By Pedro Pablo Morejon
HAVANA TIMES – He-who-shall-not-be-named is one of the most powerful men in this country. He is a member of the oligarchy that governs Cuba, whose quality of life can be compared to that of prosperous CEOs of capitalist multinationals. Let me explain: a life of luxury, the best food, the latest technology, cars, yachts, planes, trips and perhaps even a harem of young women.
He makes TV appearances from time to time and spews out four pieces of crap, with that know-it-all authoritative pose. The economic blockade… we have to produce more… we have to tackle incompetence… that the real revolutionary has to be on the frontline of problems… bla, bla, bla and a good handful of idiots believe him.
He calls himself a communist, revolutionary and a convinced Fidelista, above all else. Well, I don’t know if he believes this in his heart of hearts, but it’s what he says at least.
For He-who-shall-not-be-named, Cuba is a condominium, a fiefdom, a ranch, or something similar.
Let’s call the next one Mario. He is the director of an important state-led socialist company. He came from quite humble beginnings, but today he has his own, comfortable house in Vedado, which the State gave him after it was seized from its former owners, who emigrated to Miami in the 1990s.
He enjoys a modern car that he’s been assigned, as well as other basic comforts such as free Internet and cellphone, vacations on the beach in holiday homes for cadres, and trips abroad, sometimes. He is a member of the Communist Party and expresses his loyalty to the Revolution.
In Mario’s eyes, Cuba is a heroic country that has firmly resisted US imperialism with dignity.
Let’s carry on with Yanquiel. He has always been violent; he was raised in one of the many broken homes that exist in Cuba. He has poor cultural knowledge and zero ideology, and he aspires to be a respected, important man.

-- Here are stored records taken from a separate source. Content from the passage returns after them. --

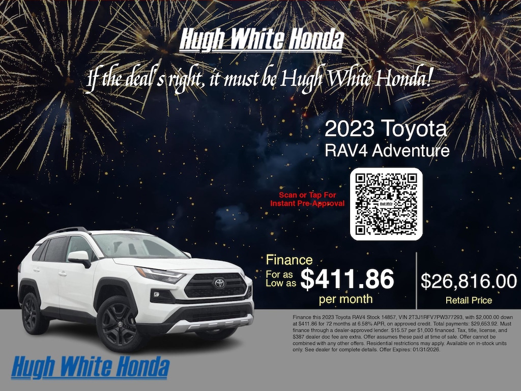 If you're ready to finance a used Honda vehicle near Columbus, Grove City, Hilliard, and Canal Winchester, Hugh White Honda is thrilled to offer you a competitive finance offer on this 2023 Toyota RAV4 Adventure. Use our car payment calculator to estimate your monthly payments or see how the monthly payment of $411.86 is calculated for well-qualified buyers shopping at Hugh White Honda with Tier 1 credit: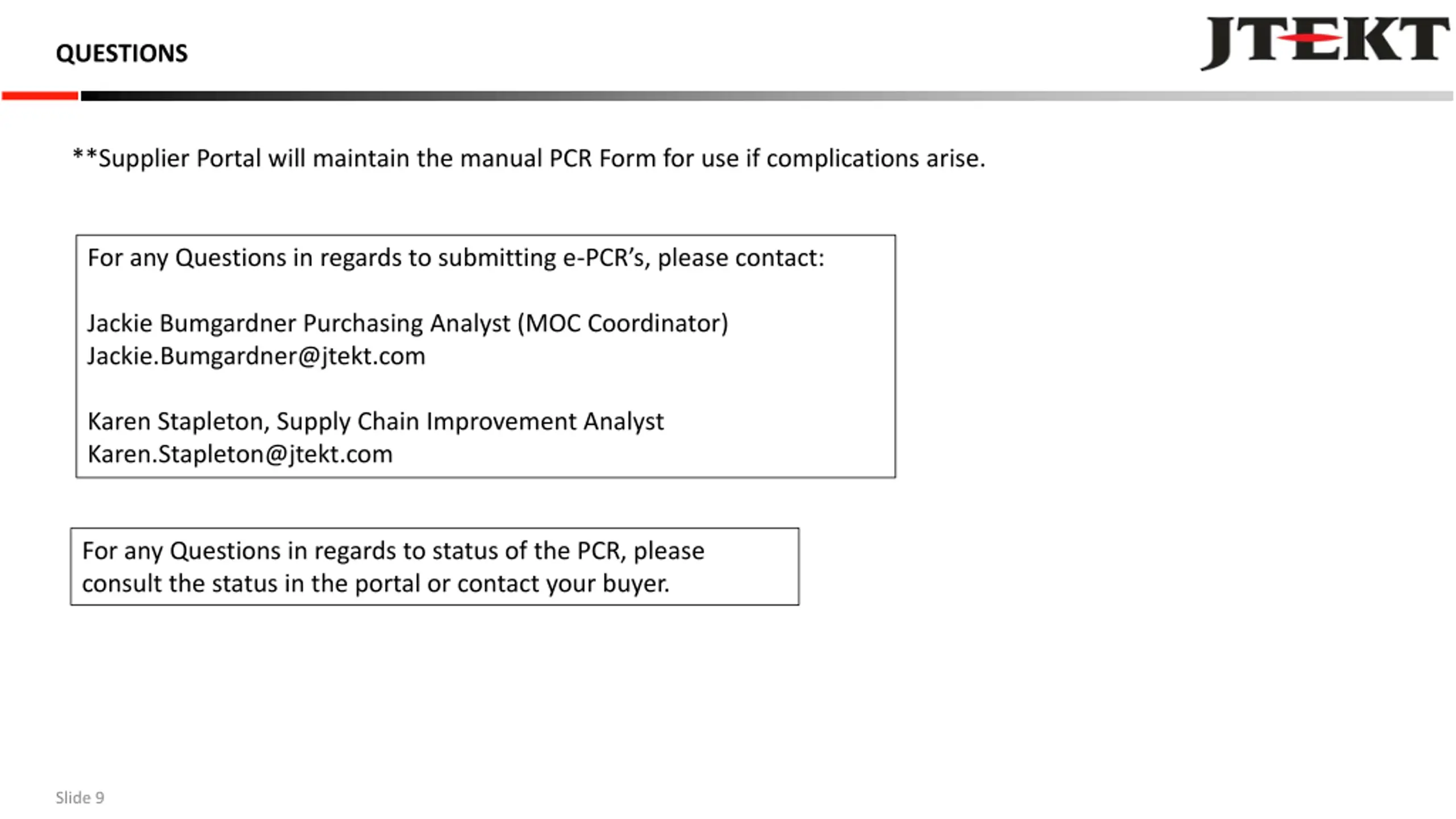 QUESTIONS **Supplier Portal will maintain the manual PCR Form for use if complications arise. For any Questions in regards to submitting e-PCR s, please contact: Jackie Bumgardner Purchasing Analyst (MOC Coordinator) Jackie.Bumgardner@jtekt.com Karen Stapleton, Supply Chain Improvement Analyst Karen.Stapleton@jtekt.com For any Questions in regards to status of the PCR, please consult the status in the portal or contact your buyer. Slide 9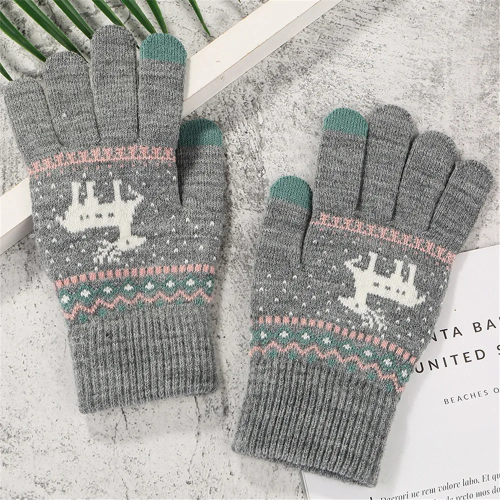 Милые Рождественские теплые женские зимние перчатки мужские перчатк...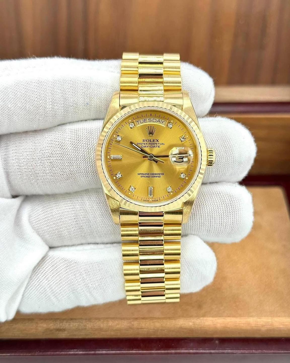 Rolex Day-Date President 36mm | 1980 Model | – Ref. 18038 – Solid 18K Gold – Champagne Diamond Dial Full Set | Excellent Condition
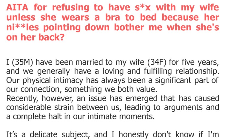 "AITA for refusing to have s*x with my wife unless she wears a bra to bed because her ni**les pointing down bother me when she's on her back?"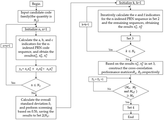 - Compare and with the target code count . If they are smaller than , the target requirement is not met. Increase the cross-correlation threshold by 1 and return to Step 8 for iteration. Repeat until and , then exit the iteration;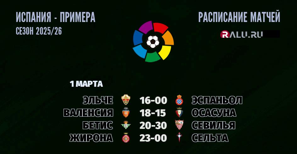 1 марта 2026 года состоятся четыре матча в рамках чемпионата Испании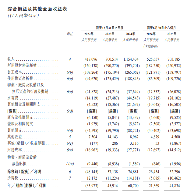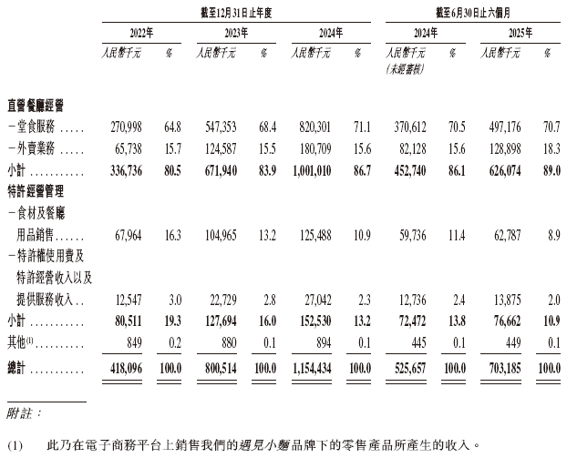 招股书显示,在过去的2022年、2023年、2024年和2025年前六个月,遇见小面的营业收入分别为人民币4.18亿、8.01亿、11.54亿和7.03亿元,相应的净利润分别为人民币-3,597.3万、4,591.4万、6,070.0万和4,183.4万元。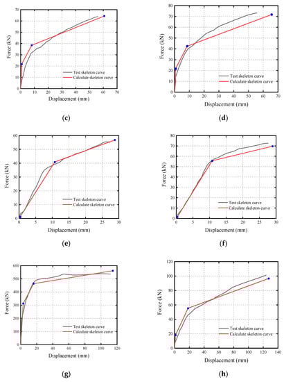 Comparison of the skeleton curves between calculated and test results. (a) Specimen HBD1, (b) specimen HBD2, (c) specimen HBD3, (d) specimen HBD4, (e) specimen G75W, (f) specimen G140W, (g) specimen TRB-B, (h) specimen FRP1.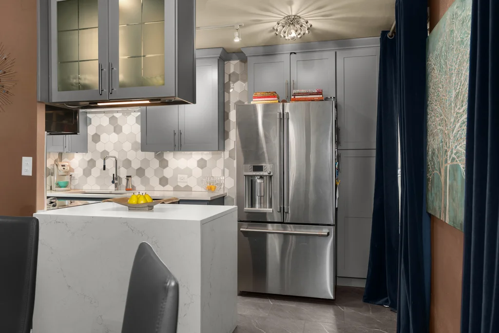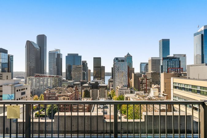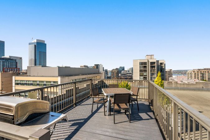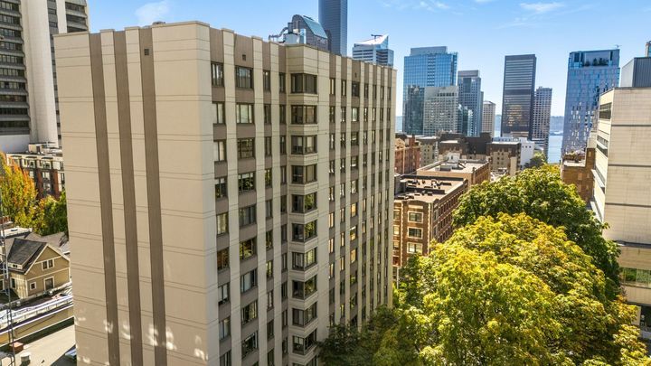 Carefully curated end unit at the beloved Decatur condos on popular First Hill. This space has been thoughtfully renovated throughout and gives warmth & serenity. Entry vestibule opens to rich spaces including living room with marble-look Trucore flooring. Open kitchen design, recently remodeled including newer cabinetry with slow-close drawers & undercabinet lighting and a pantry; plus honed quartz slab counters, gorgeous oversized hex tile backsplash, and peninsula island with double waterfall counters. Open living spaces including a dining area that can fit a proper table perfect for hosting brunch, and oversized windows to take in the natural light. Main Bedroom with large format tile Trucore flooring has space for a dresser, updated light fixture, and ensuite attached bathroom. The Primary bath is newly updated with custom tile flooring, handsome Italian handcrafted tile shower surround, floating vanity, & new fixtures. Surprising closet spaces w custom organizers. Rare in-unit laundry (not common for units in this building! Bldg also offers a free common laundry rm). The Decatur: concrete & steel building, pet-friendly, no rent cap, on-site manager. Don’t miss the roof top deck with City, Sound, Mtn, and Lake views. Vibrant in-city location just mins to Rapid Ride bus, Museums, the Symphony, cafes & hip Cap Hill!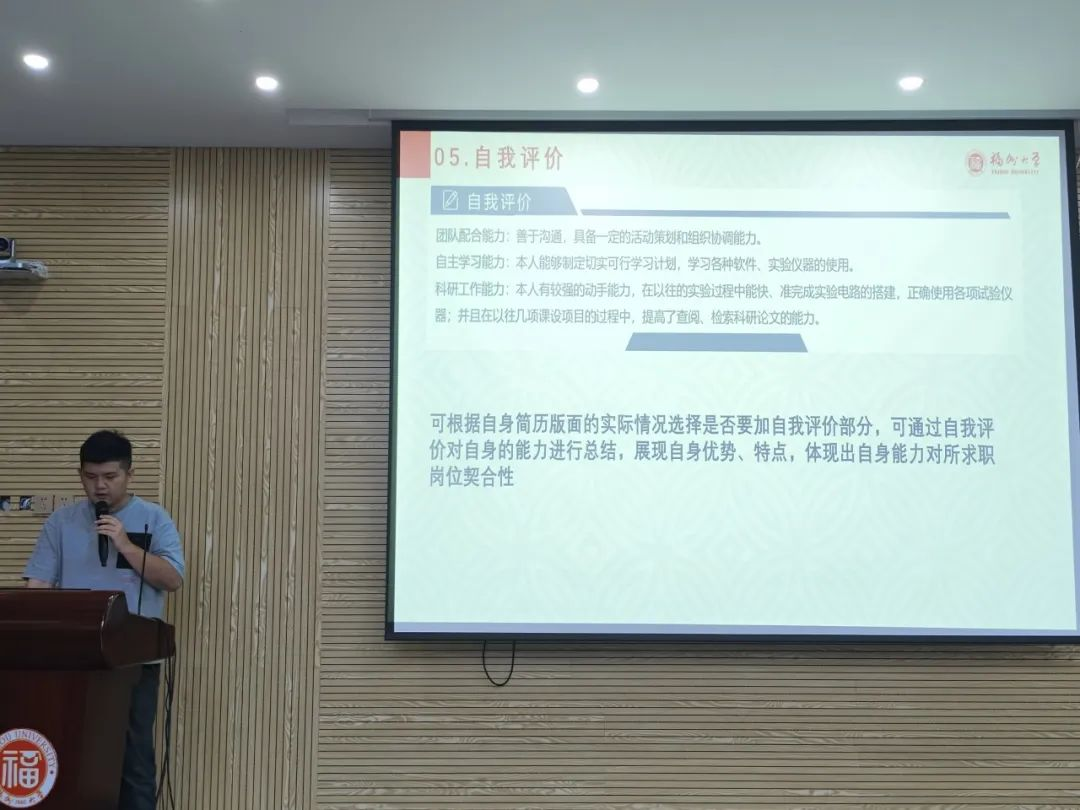 在紧张而有序的比赛现场,参赛选手们凭借精心设计的PPT,以充满激情的演讲方式,向我们展示了他们在简历制作上的独到见解。他们从简历的外观设计入手,详细阐述了如何通过色彩搭配和版面布局来吸引招聘者的注意力,还深入探讨了简历内容的编排,分享了如何突出个人优势、工作经验和技能,以及如何避免常见错误,尽显电气学子的自信和专业素养。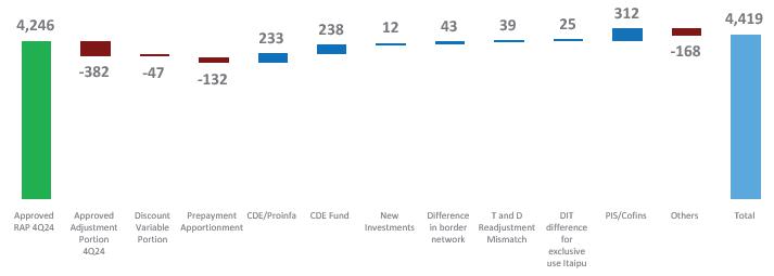 [1] The difference from the reported number in 3Q24 relates to the R$ 758 million regulatory remeasurement adjustment in the holding company. Although the remeasurement was recognized in the 3Q24, the corresponding deferred tax expense was accounted for in 4Q24.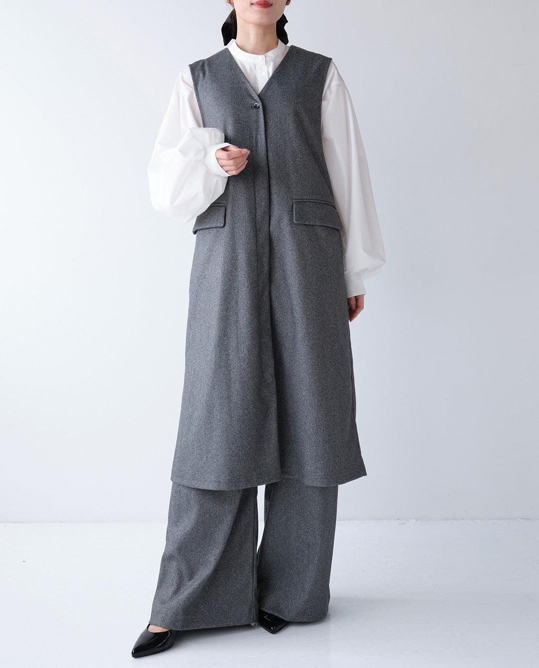 同素材のVネックロングジレとセットアップ風に合わせるのもおすすめです。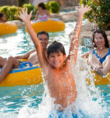Located right across the street from Busch Gardens® Tampa, Adventure Island's 40 acres of water-drenched fun in the sun feature the ultimate combination of high-speed thrills and tropical, tranquil surroundings for guests of all ages. Within a soothing Key West atmosphere awaits an unrivaled blend of slides, corkscrews, waterfalls, a wave pool, children's water playground and other family attractions. Adventure Island also features outdoor cafes, picnic and sunbathing areas, gift shops and a championship sand volleyball complex for hours of fun in the sun.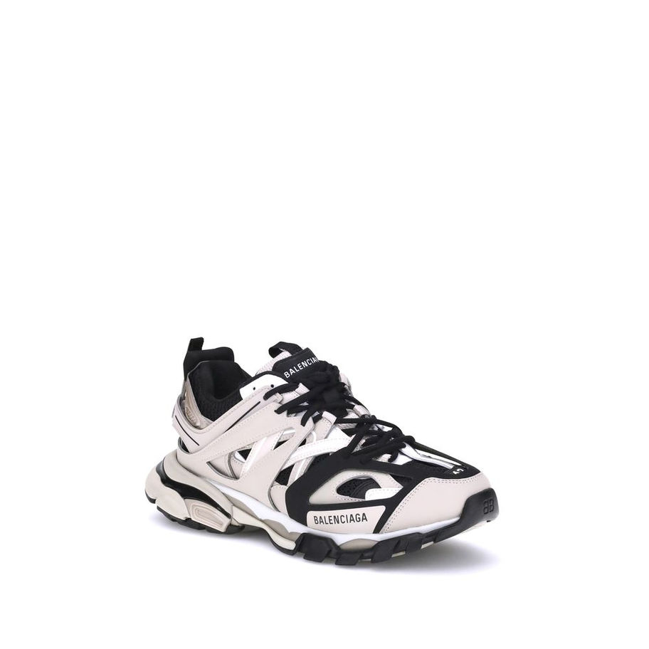 Balenciaga’s Track Sneakers combine performance and cutting-edge design in a technical, urban aesthetic. Made of mesh and nylon, they are enhanced by a series of iconic details: written size on the toe, embossed Track logo on the heel, BB logo on the front sole, and printed logo on the outer side. The tongue features an embossed logo and a loop, also echoed on the heel for easy donning. The double laces are knotted in the traditional hiking style, while the dynamic sole, accentuated on the back, provides comfort and stability. A model designed for those seeking style, functionality and a strong identity.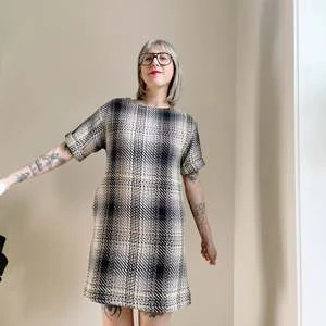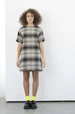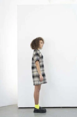 Bodybag’s Bleeker dress is a straight cut tunic style dress crafted from a beautiful plaid woven cotton. This dress is fully lined and has functional pockets, featuring a round neck with a drop shoulder and short sleeves. We love the heavy woven cotton of this dress making it such a perfect pick for fall and winter. Pair with tights and combat boots and hit the town!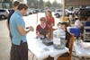 Sophomore Ryan Hoffman, left, donates money at the benefit for IU student football manager Mike Stauder on Sept. 20 in the parking lot of Wagon Wheel Custom Meats. The benefit, which was hosted by the local business for Stauder who was diagnosed with Hodgkin's Lymphoma in April, featured food and music.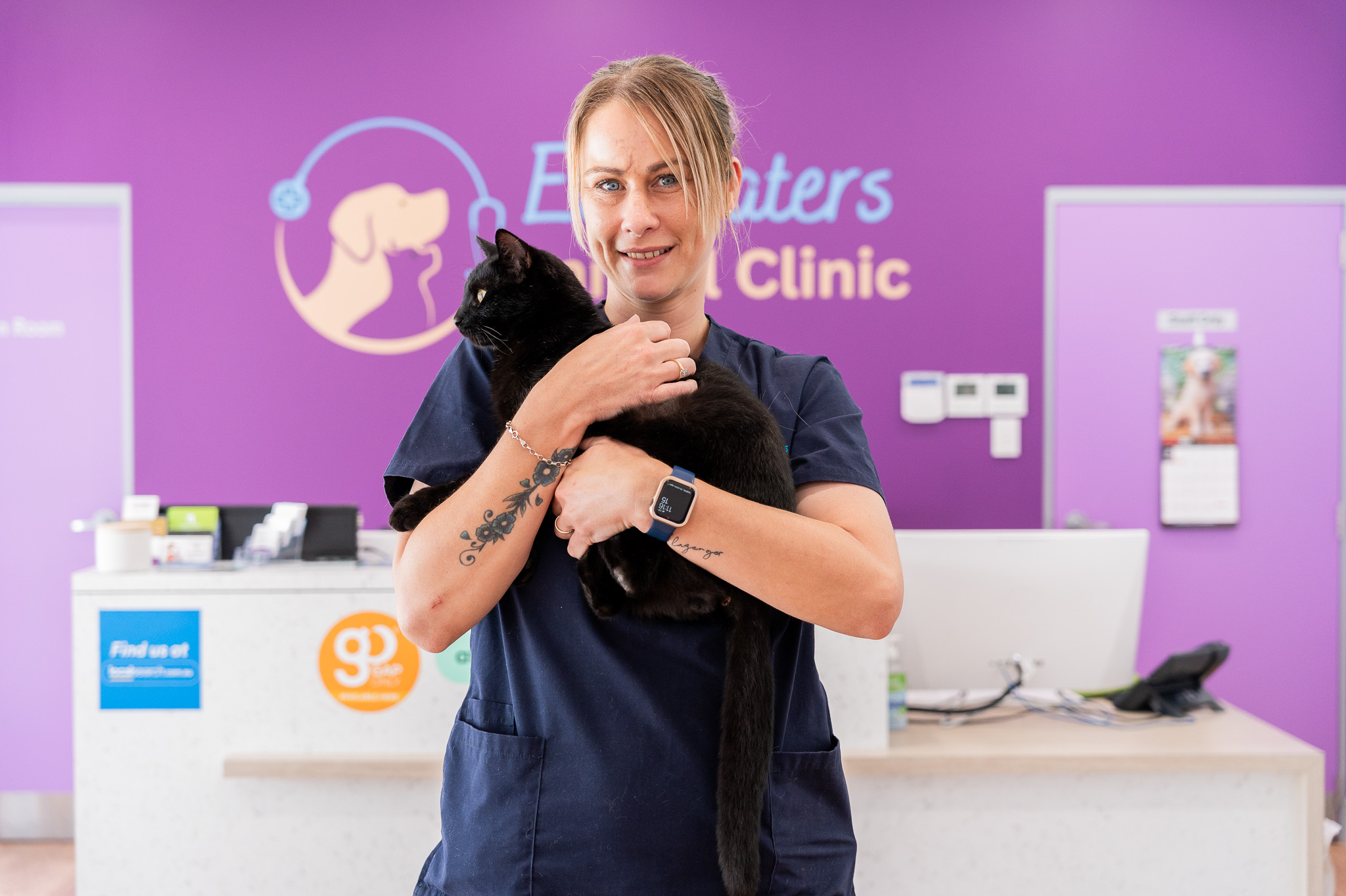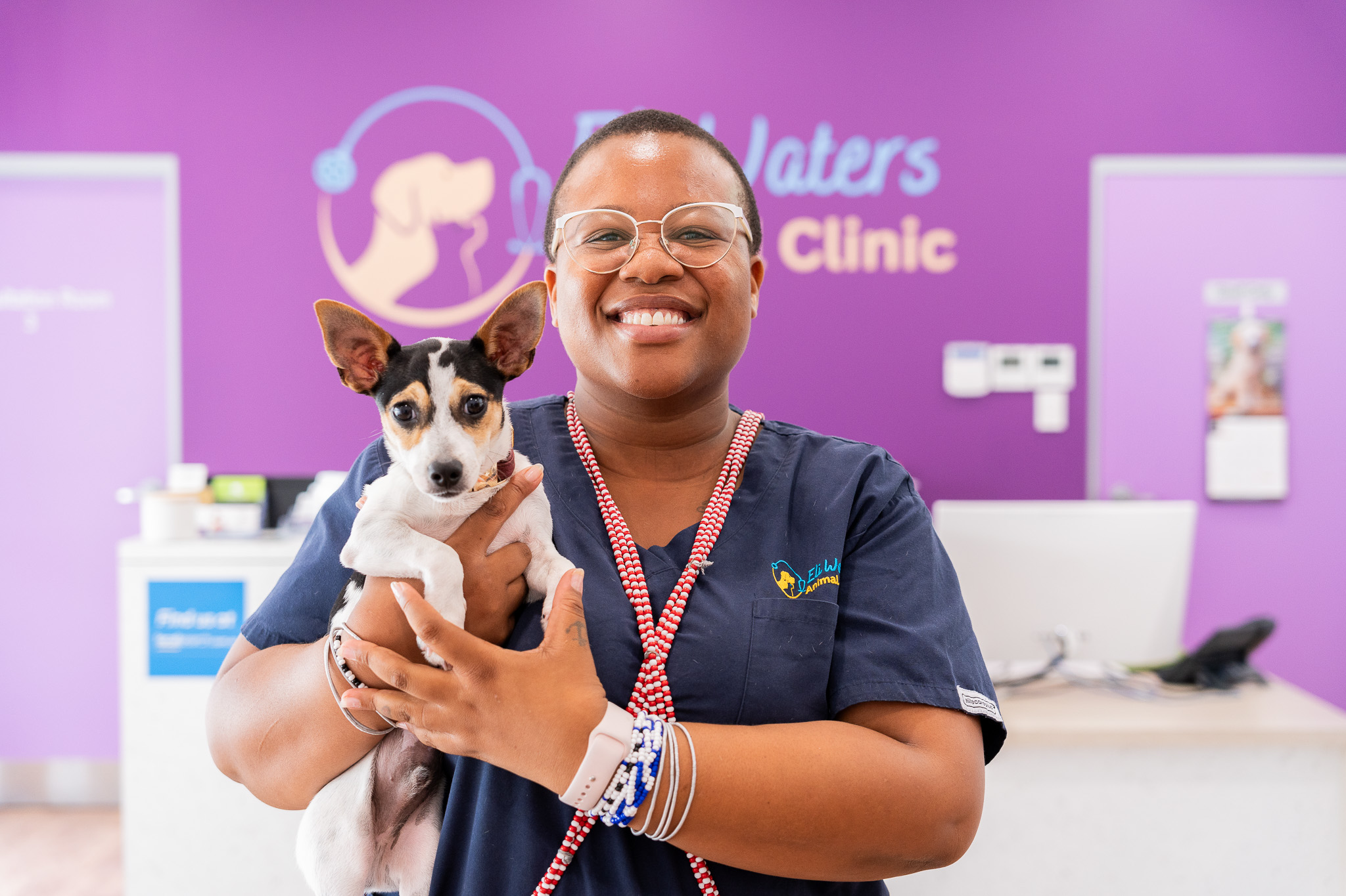 If she could, Promise would adopt every stray animal that walks through the doors of the clinic. She currently has two cats (Grace and Elijah) who came into the clinic as stray cats as well as two dogs, Puzzle and Brené.

He re-enlisted during his compulsory military service and now he is an officer of the Special Forces, a black beret. He felt very macho, powerful, when he handed out beatings and arrested peaceful protestors during the July 11th protests. According to Yanquiel, Cuba is… Patria o muerte! (Homeland or death).
Ramon is 60 years old and is one of the few that still believes in He-who-shall-not-be-named. He boasts about being a militia member and internationalist. He doesn’t want to accept another version of reality because that would wreak chaos in his conscience, discovering the painful truth that he has dedicated his entire life to a lie. This is why he clings to his convictions and marches every May 1st, showing off his medals.
Suffering blackouts, food and medicine shortages, his house crumbling around him and not having the materials he needs to fix it, isn’t enough for him. Much less if he manages to get by thanks to a daughter who he scorned for being a “gusana” (derogatory term for emigres) for a long time, but who now tops up his phone and sends some money to him from Miami so he doesn’t die. “It’s the blockade’s fault,” you can normally hear him repeat. Ramon had a lobotomy.
According to him, Cuba is a country that has a higher quality of life than most third world countries, in spite of being under the blockade.
Liborio is a family man who has nobody to send him money from abroad, so he can almost never look in the dollar (MLC) stores, which are the only ones that are more-or-less stocked. Like most Cubans, he must invent every day in order to put food on the table and feed his children. His wages are only enough for them to live badly. He has to compensate the meagre rations he gets at the bodega store with whatever he can find on the street. Liborio is a hunter.
He has never been to Varadero or any touristy cay. He’s never traveled abroad. His life is just stress, work, and unsatisfied needs.
There are millions like Liborio. In his eyes, Cuba is Hell without a future.
Last but not least, I want to talk about Antonio, who lives in Madrid, Spain, in a middle-class neighborhood. You can’t exactly call him rich, but he has his own apartment, car and enjoys the basic comforts that civilized capitalism might offer human beings.
Antonio is an I.T. engineer and he works for a tourist company that sells an image of Cuba that is just idyllic: beaches, rum, tobacco, salsa music and sensual mulata women. He is a Leftist, he’s a member of Podemos.
You can see him defend the Cuban government in a frenzied manner on social media. According to his own testimony, he’s been to the island twice, and he was taken aback by the warmth of its people, its excellent health system and the achievements of a socialism that has resisted under the conditions of a “genocidal blockade”.
To tell you the truth, Antonio has spent very little time here. One time, he came as part of a Cuba solidarity brigade, which is nothing but a group of Leftists who are allies of Castrismo, and the only places they visited were Expo Cuba, the Gentetic and Biotech Engineering Center, the Pedro Kouri Institute of Tropical Medicine, Hotel Nacional and Varadero.
The locals he mixed with were friendly public servants and workers, none of whom had pure intentions: the first were doing their job, the latter were after a juicy tip or an economically beneficial relationship… ah, and one or two jineteras (prostitutes) too.
Antonio’s Cuba is a paradise.
I could go on and write a long list depending on the prism people see Cuba through, but Liborio and I share the same Cuba.